Wherein X is selected from N and CH, Y is selected from N and CH, and Z is selected from N and ^CRC6 ;
R ^C3 is selected from H, halo, and an optionally substituted N-containing C _5-7 heterocyclic group;
^RC5 is:

A group selected from
The group may be selected from one or two C _1-4 alkyl groups or carboxy groups:
R ^C6 is H;
Or when X and Y are N, R ^C5 and R ^C6 (wherein Z is CRC ⁶ ) together with the carbon atom to which they are attached.

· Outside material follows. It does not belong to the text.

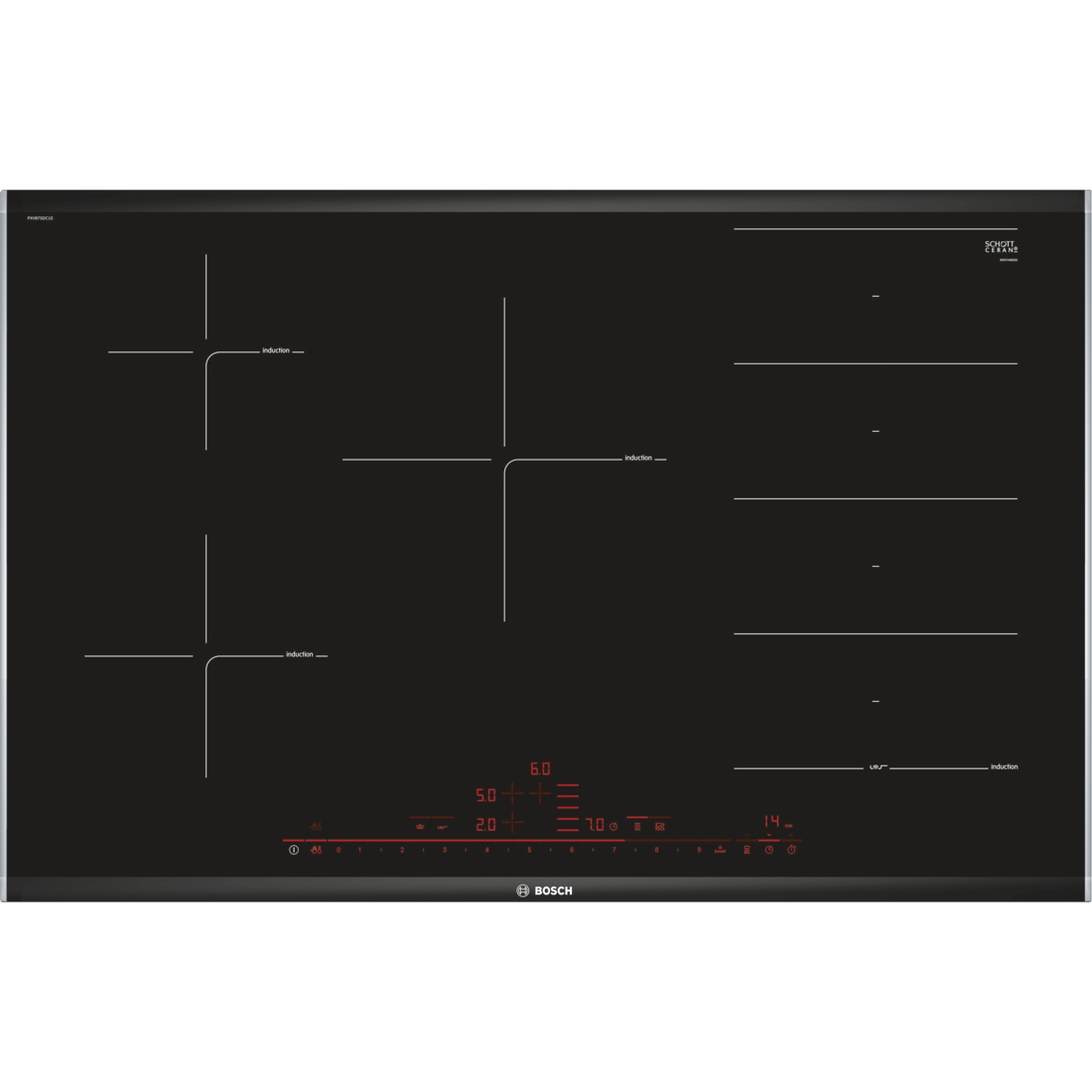 Bosch Serie 8 PXV875DC1E. Colore del prodotto: Nero, Posizionamento dell’apparecchio: Da incasso, Dimensione della larghezza del piano cottura: 80 cm. Certificazione: AENOR, CE. Tipo di controllo: Touch, Posizione di controllo: Frontale superiore. Potenza aggregata (elettrica): 7400 W, Tensione di ingresso AC: 220-240 V, Frequenza di ingresso AC: 50 – 60 Hz. Larghezza: 816 mm, Profondità: 527 mm, Altezza: 51 mm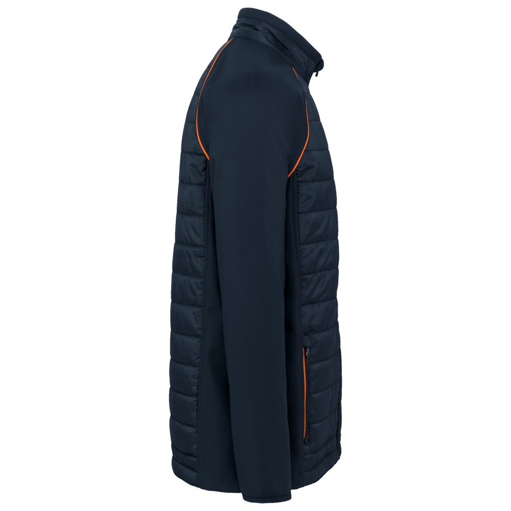 100% polyester. Softshell 2 lagen, in de 4 richtingen rekbare stof voor meer bewegingsruimte en met binnenlaag in fleece voor meer warmte op de mouwen en de schouders. Voorkant en achterkant : 100% polyester 75 g taf 230T met coating. Waterafstotende stof. 2 ritszakken aan de voorkant. 1 naametiket links aan de binnenkant. Contrasterende bies aan de mouwopeningen en in de kraag. Ritssluiting op de voorkant en contrasterende zakken. Blinde drukkersrits onderaan. Ideaal voor dagelijks gebruik.

It may form a condensed C ₆ aromatic ring selected from the group consisting of)
Is]
A pharmaceutical composition comprising a compound of the formula: and a pharmaceutically acceptable carrier or diluent. A is

The composition of claim 12, wherein 14. A composition according to claim 12 or claim 13 wherein ^RAC is methyl. 15. A composition according to any one of claims 12 to 14, wherein R ^A2 and R ^A6 are selected from H and OR ^O. The composition according to any one of claims 12 to 15, wherein R ^A4 is OR 2 ^O. B is

The composition according to any one of claims 12 to 16, which is selected from the group consisting of: B is:

(Wherein, ^{R N} is H) is not a composition according to any one of claims 12 to 17. The composition according to any one of claims 12 to 18, wherein at least two of X, Y and Z are N. 20. A composition according to claim 19, wherein X, Y and Z are all N. 21. A composition according to any one of claims 12 to 20, wherein R ^C3 is selected from morpholino, thiomorpholino, piperazinyl, piperazinyl, homopiperazinyl and pyrrolidinyl. The composition according to any one of claims 12 to 21, wherein R ^C5 is morpholino. 23. A compound according to any one of claims 12 to 22 or a pharmaceutically acceptable salt thereof for use in a method of treatment of the human or animal body. 23. Use of a compound according to any one of claims 12 to 22 or a pharmaceutically acceptable salt thereof in the manufacture of a medicament for treating a disease ameliorated by inhibition of mTOR. Diseases improved by inhibition of mTOR are cancer, immunosuppression, immune tolerance, autoimmune disease, inflammation, bone loss, bowel disorder, liver fibrosis, liver necrosis, rheumatoid arthritis, retinopathy, cardiac allograft vascular disorder 25. Use according to claim 24, selected from psoriasis, beta thalassemia and ocular conditions. 23. A compound according to any one of claims 12 to 22 in the manufacture of a medicament for use as an adjunct in cancer therapy or for enhancing tumor cells for treatment with ionizing radiation or a chemotherapeutic agent. Or use of a pharmaceutically acceptable salt thereof.